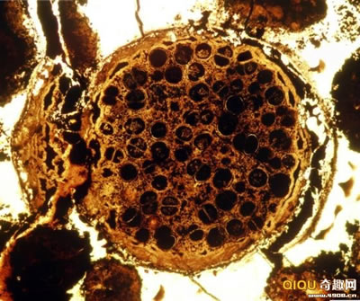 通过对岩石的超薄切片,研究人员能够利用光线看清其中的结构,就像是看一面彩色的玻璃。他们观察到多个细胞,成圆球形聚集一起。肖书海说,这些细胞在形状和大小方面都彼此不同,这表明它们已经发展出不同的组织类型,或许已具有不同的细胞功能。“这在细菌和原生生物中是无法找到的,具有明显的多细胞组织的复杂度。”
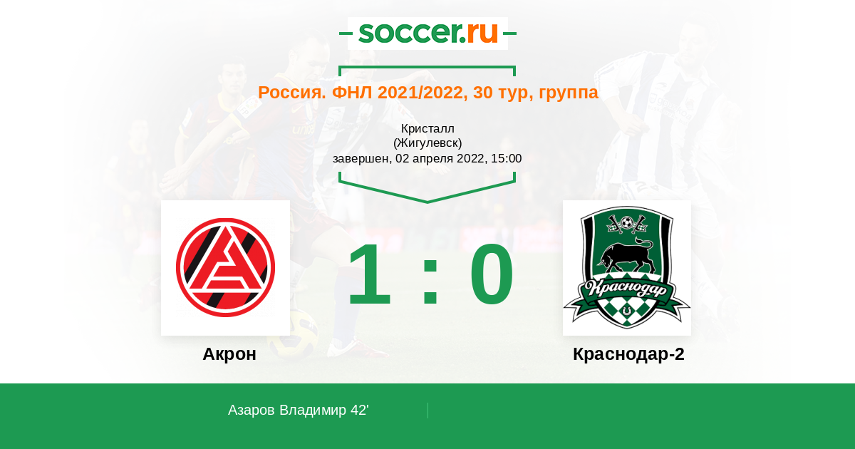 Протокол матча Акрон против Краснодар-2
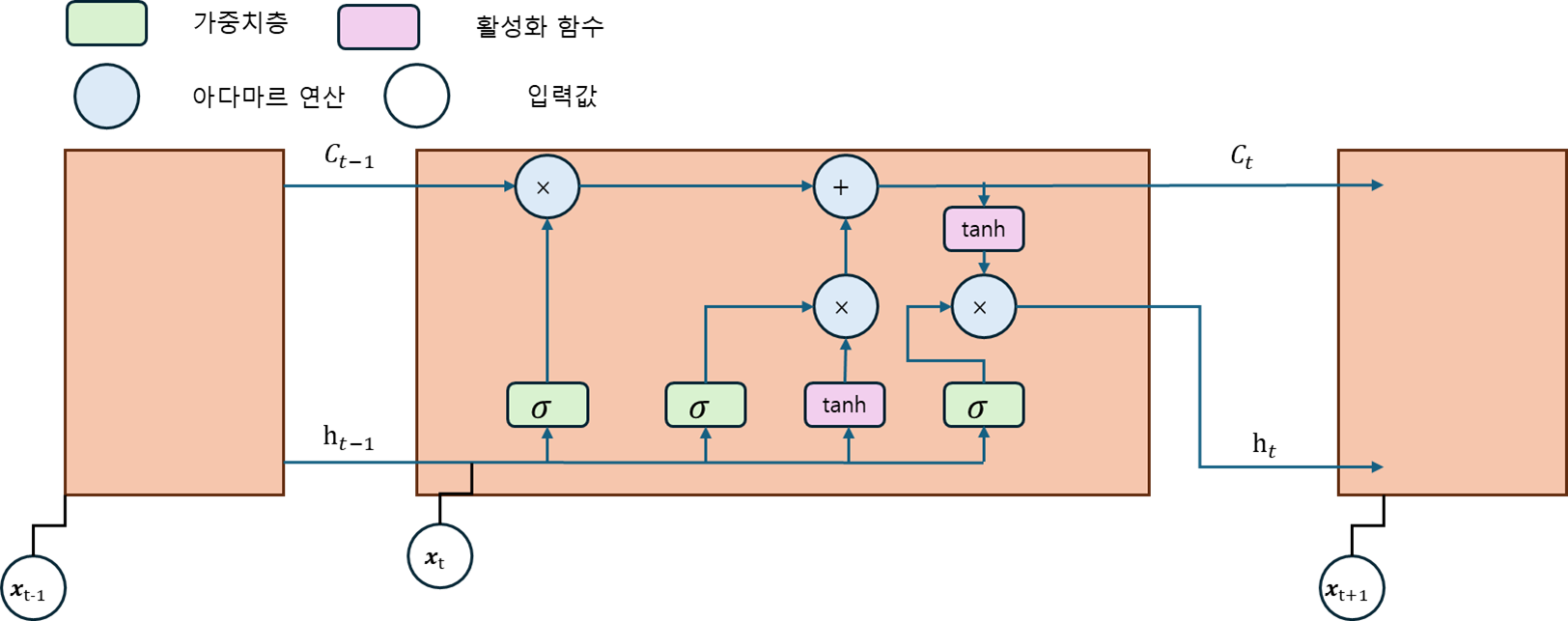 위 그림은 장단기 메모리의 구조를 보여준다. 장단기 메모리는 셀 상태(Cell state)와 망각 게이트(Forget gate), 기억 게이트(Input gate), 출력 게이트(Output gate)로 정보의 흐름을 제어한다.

┄┄┄┄┄┄┄┄┄┄┄┄┄┄┄┄┄┄┄┄

* AIM OF THE EXERCISE *
Repeat the data word for word, excluding any image.

* TASK RESULT *
 通过对岩石的超薄切片,研究人员能够利用光线看清其中的结构,就像是看一面彩色的玻璃。他们观察到多个细胞,成圆球形聚集一起。肖书海说,这些细胞在形状和大小方面都彼此不同,这表明它们已经发展出不同的组织类型,或许已具有不同的细胞功能。“这在细菌和原生生物中是无法找到的,具有明显的多细胞组织的复杂度。”
 Протокол матча Акрон против Краснодар-2
 위 그림은 장단기 메모리의 구조를 보여준다. 장단기 메모리는 셀 상태(Cell state)와 망각 게이트(Forget gate), 기억 게이트(Input gate), 출력 게이트(Output gate)로 정보의 흐름을 제어한다.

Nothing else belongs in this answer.